While several mathematical models have been developed to study HIV, the virus that causes AIDS, this is the first model for Helicobacter pylori, according to Kirschner. “The most important factor in the relationship is the capacity of the host response to the bacteria,” says Kirschner, an assistant professor of microbiology and immunology in the Medical School. “Some people have the ability to flush it from their systems and some don’t. We don’t know why these individual differences exist and we don’t understand exactly how the host responds to the bacteria’s presence. The response may or may not be directly related to the immune system.”

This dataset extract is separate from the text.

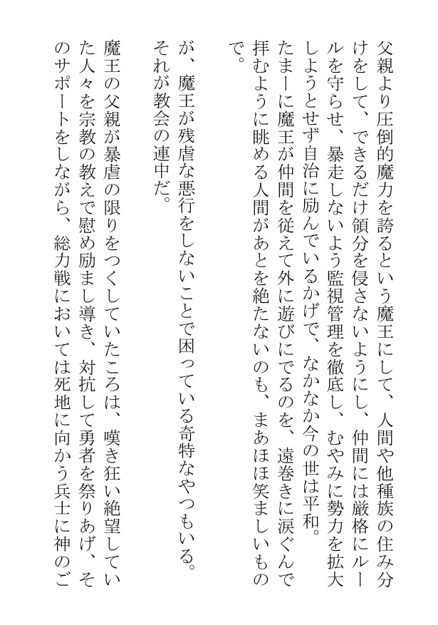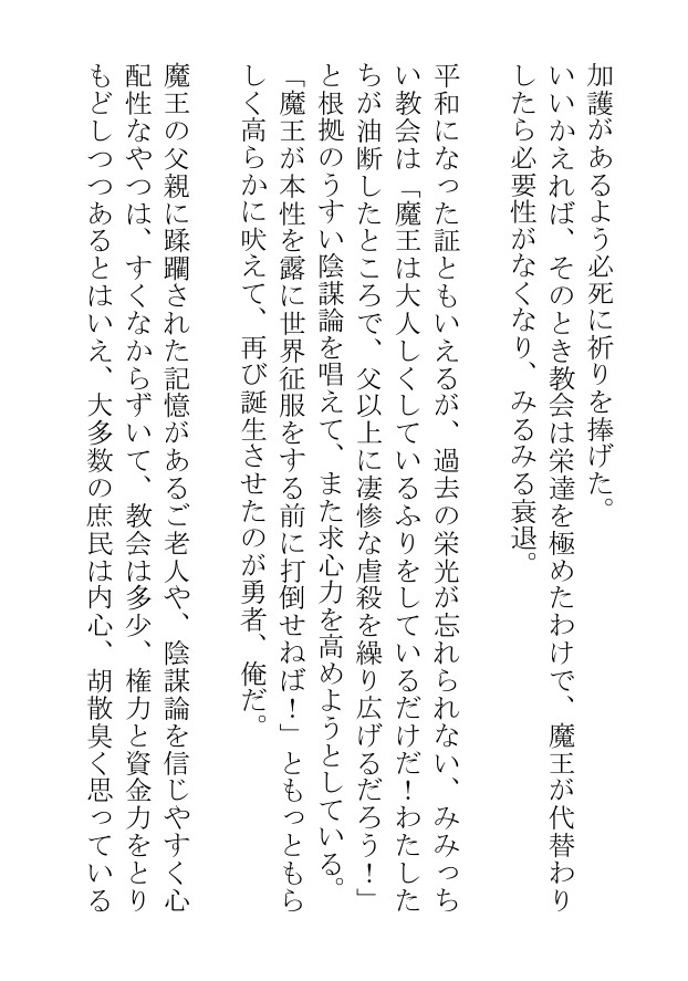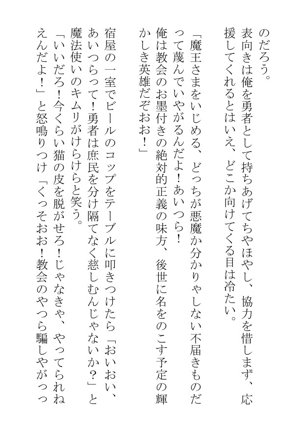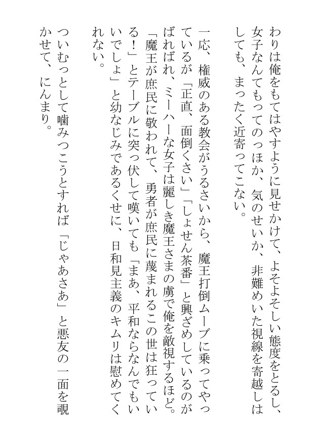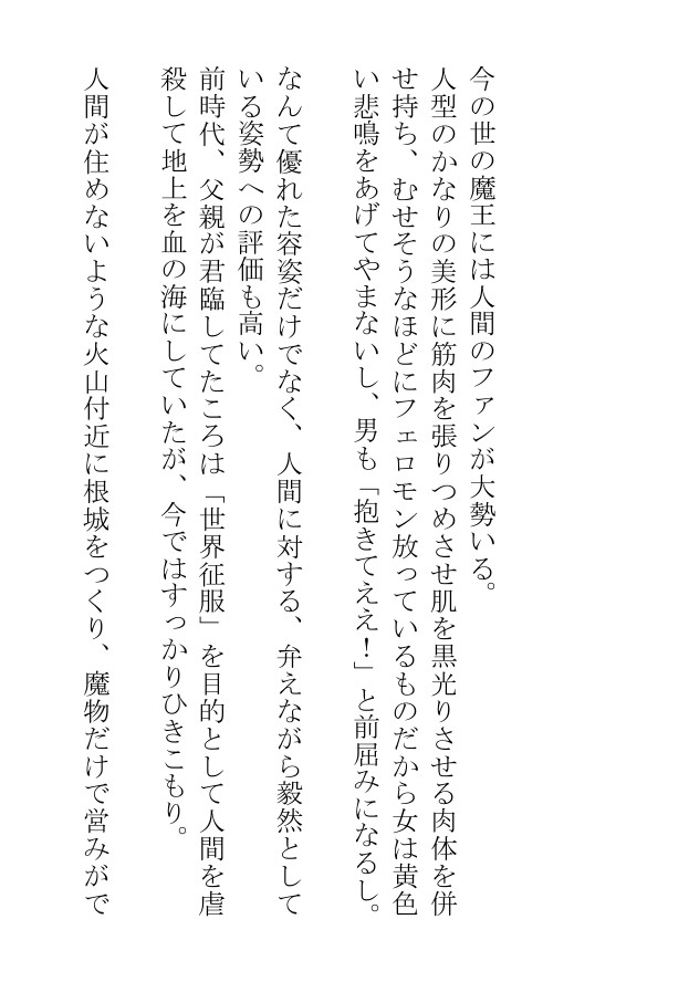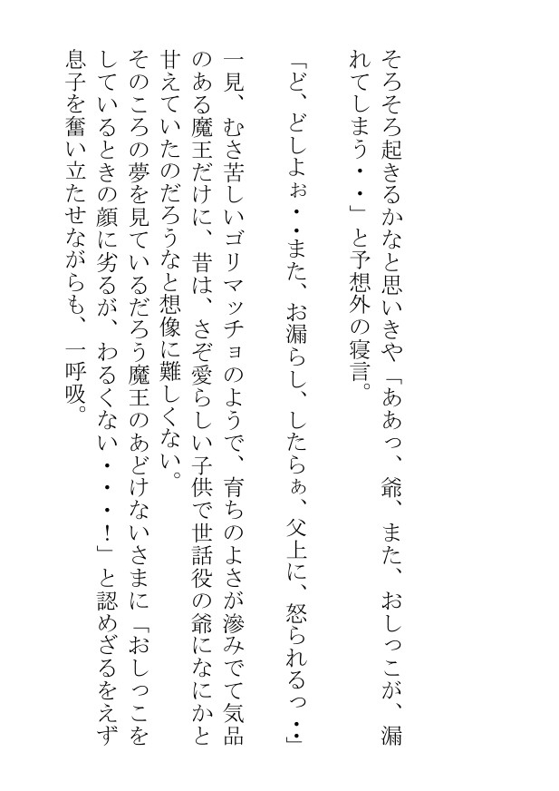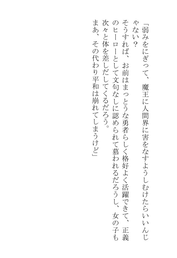 なにかと事情があって、裏でやさぐれている勇者は、悪友にそそのかされて魔王の弱味をにぎろうと。それが、なぜか魔王が放尿するところを目撃し、どこかエッチな雰囲気を醸すのに心を奪われてしまい、とうとう耐えられず、寝室に乗りことに・・・。
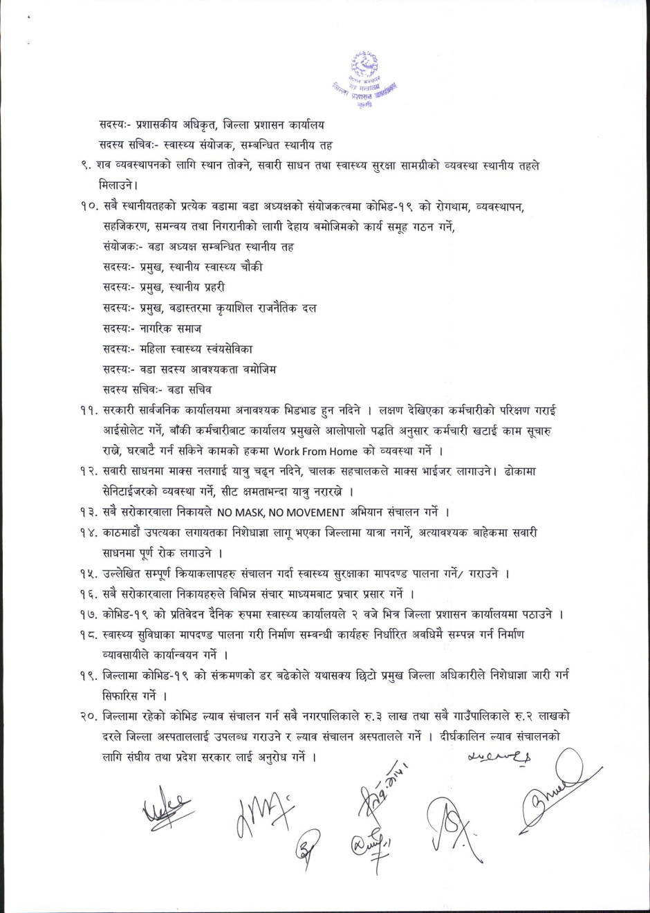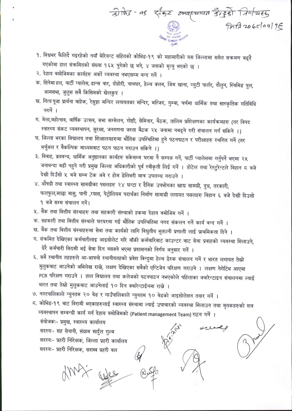 मिति २०७८।१।१६ गते बसेकाे जिल्ला कोभिड १९ संकट व्यवस्थापन केन्द्र गुल्मीको बैठकको निर्णय

“Everything about the model works and is consistent with indirect experimental data,” Blaser says. “We describe the initial transition from one organism to a bloom of organisms. Then as immunity kicks in, the organisms settle down and reach equilibrium. In essence, bacteria and host are dancing together; each one is signaling the other.”

Helicobacter pylori bacteria live in the thick mucus layer lining the inside of the stomach, which protects epithelial cells from stomach acid, Kirschner explained. When bacteria enter the stomach, probably through fecal-oral transmission, some penetrate the mucus layer and attach to epithelial cells. These bacteria release molecules that irritate and degrade epithelial cells, which creates food for the bacterial colony.

“Our most surprising discovery is the key role played by this small group of adherent bacteria,” Kirschner said. “They only make up one percent of the entire colony, but they must be present or colonization will not take place.” The model also indicates that two competing strains of H. pylori can live together in the stomach at the same time—but not for long. “One strain will always be dominant over the other,” Kirschner says. “But any change in stomach conditions can create advantages for a different strain and allow it to predominate.

“Mathematical models like this one are especially valuable in biomedical research when clinical experiments are difficult or impossible,” Kirschner says. “They help us focus study on areas most likely to produce a positive result and allow us to test experimental treatments quickly and inexpensively to guide human clinical trials.”

Model development was supported by the National Institutes of Health, the Medical Research Service of the Department of Veterans Affairs, and Astra-Merck, Inc.